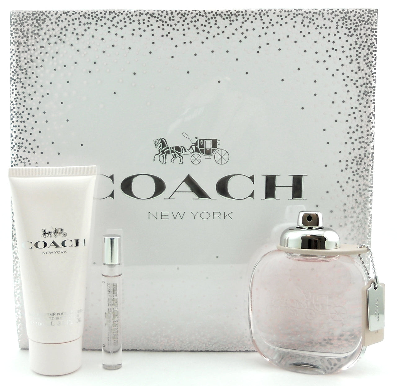 Coach New York 3.0 oz./ 90 ml.Eau de TOILETTE Spray + 3.3 oz./ 100 ml.Perfumed Body Lotion + 7.5 ml EDT Purse Spray. Brand new set. Comes in Hard Box.
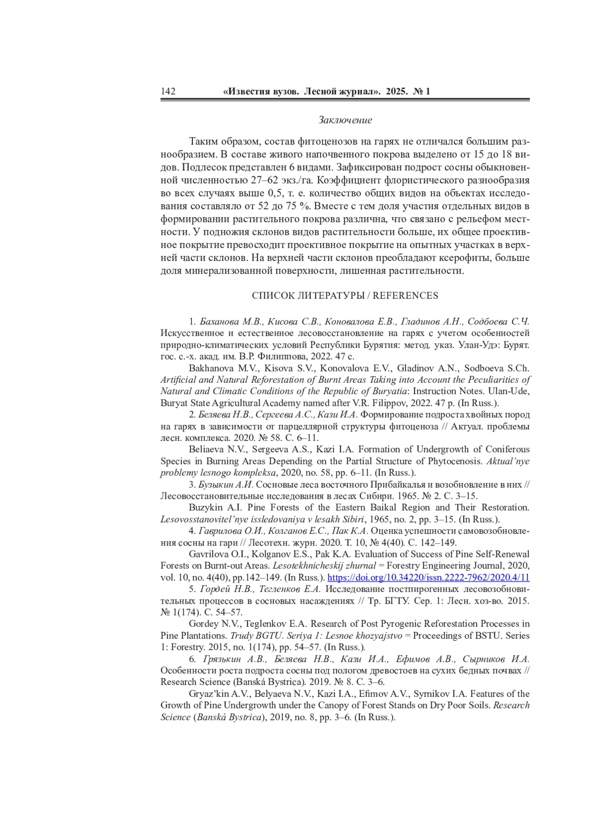 2. Беляева Н.В., Сергеева А.С., Кази И.А. Формирование подроста хвойных пород на гарях в зависимости от парцеллярной структуры фитоценоза // Актуал. проблемы лесн. комплекса. 2020. No 58. С. 6-11.
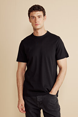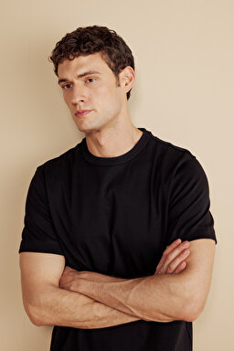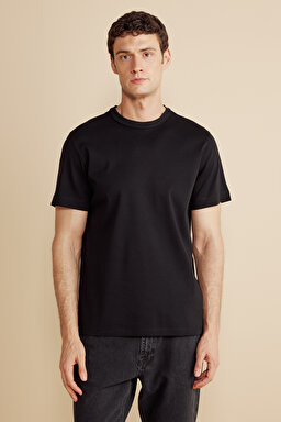%100 Pamuk Bisiklet Yaka Kısa Kol Mercerize Rib Tişört
::::
* **WHAT IS BEING ASKED**
Copy out all the data above exactly, pictures excluded.

* **EXPECTED ANSWER**
 Coach New York 3.0 oz./ 90 ml.Eau de TOILETTE Spray + 3.3 oz./ 100 ml.Perfumed Body Lotion + 7.5 ml EDT Purse Spray. Brand new set. Comes in Hard Box.
 2. Беляева Н.В., Сергеева А.С., Кази И.А. Формирование подроста хвойных пород на гарях в зависимости от парцеллярной структуры фитоценоза // Актуал. проблемы лесн. комплекса. 2020. No 58. С. 6-11.
%100 Pamuk Bisiklet Yaka Kısa Kol Mercerize Rib Tişört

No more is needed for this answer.